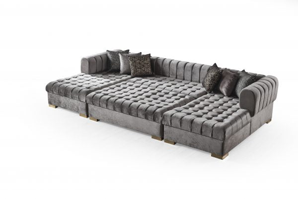 Mariana Collection is our most mesmerizing, luxury double chaise sectional boasting a fusion of contemporary and classic style. Grab a friend and get comfortable on this beautiful piece from Ariana Collection velvet three-piece sectional sofa.
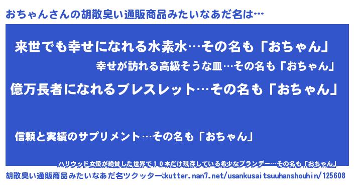 | 意味不明あだ名 | 『ペロリンおちゃん』『永久保存おちゃん』 |
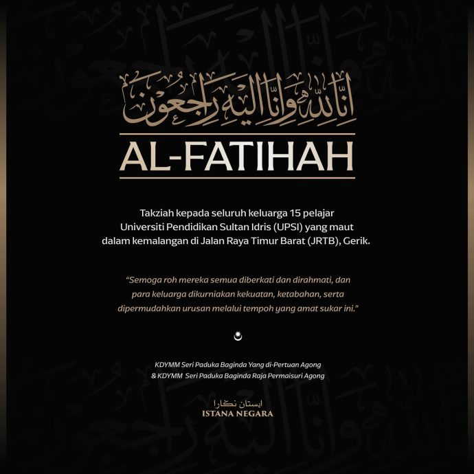 (吉隆坡9日讯)国家元首苏丹依布拉欣与元首后拉惹查丽苏菲雅,对今早在霹雳宜力——吉兰丹日里东西大道车祸中不幸丧命的15名苏丹依德利斯教育大学(UPSI)学生家属,致以深切哀悼。
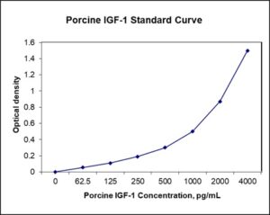 This ELISA kit is for quantification of IGF-1 in porcine. This is a quick ELISA assay that reduces time to 50% compared to the conventional method, and the entire assay only takes 3 hours. This assay employs the quantitative sandwich enzyme immunoassay technique and uses biotin-streptavidin chemistry to improve the performance of the assays. An antibody specific for IGF-1 has been pre-coated onto a microplate. Standards and samples are pipetted into the wells and any IGF-1 present is bound by the immobilized antibody. After washing away any unbound substances, a detection antibody specific for IGF-1 is added to the wells. Following wash to remove any unbound antibody reagent, a detection reagent is added. After intensive wash a substrate solution is added to the wells and color develops in proportion to the amount of IGF-1 bound in the initial step. The color development is stopped, and the intensity of the color is measured.
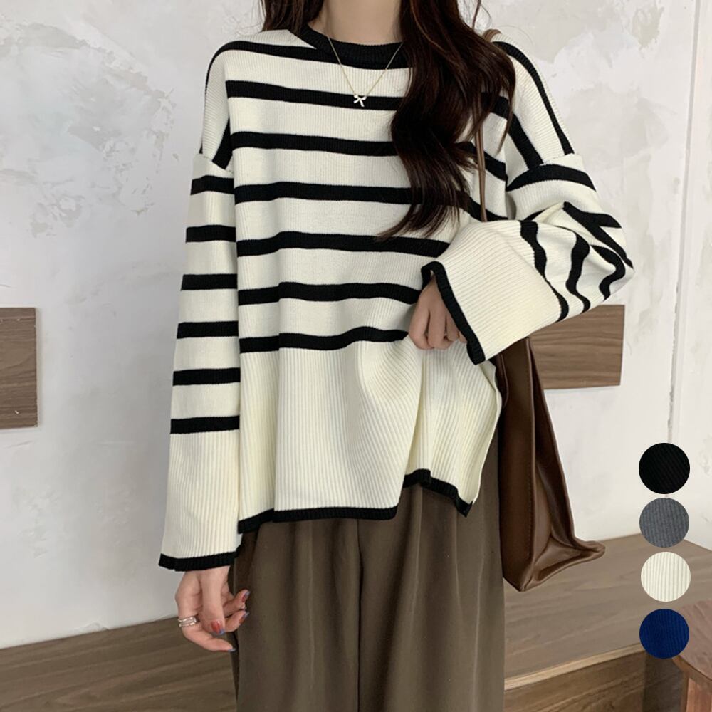 ボーダー柄ニットトップス サイドスリット

*Assigned task*: In the copy, leave out the pictures and restate the records exactly.

*Written answer*:
 Mariana Collection is our most mesmerizing, luxury double chaise sectional boasting a fusion of contemporary and classic style. Grab a friend and get comfortable on this beautiful piece from Ariana Collection velvet three-piece sectional sofa.
 | 意味不明あだ名 | 『ペロリンおちゃん』『永久保存おちゃん』 |
 (吉隆坡9日讯)国家元首苏丹依布拉欣与元首后拉惹查丽苏菲雅,对今早在霹雳宜力——吉兰丹日里东西大道车祸中不幸丧命的15名苏丹依德利斯教育大学(UPSI)学生家属,致以深切哀悼。
 This ELISA kit is for quantification of IGF-1 in porcine. This is a quick ELISA assay that reduces time to 50% compared to the conventional method, and the entire assay only takes 3 hours. This assay employs the quantitative sandwich enzyme immunoassay technique and uses biotin-streptavidin chemistry to improve the performance of the assays. An antibody specific for IGF-1 has been pre-coated onto a microplate. Standards and samples are pipetted into the wells and any IGF-1 present is bound by the immobilized antibody. After washing away any unbound substances, a detection antibody specific for IGF-1 is added to the wells. Following wash to remove any unbound antibody reagent, a detection reagent is added. After intensive wash a substrate solution is added to the wells and color develops in proportion to the amount of IGF-1 bound in the initial step. The color development is stopped, and the intensity of the color is measured.
 ボーダー柄ニットトップス サイドスリット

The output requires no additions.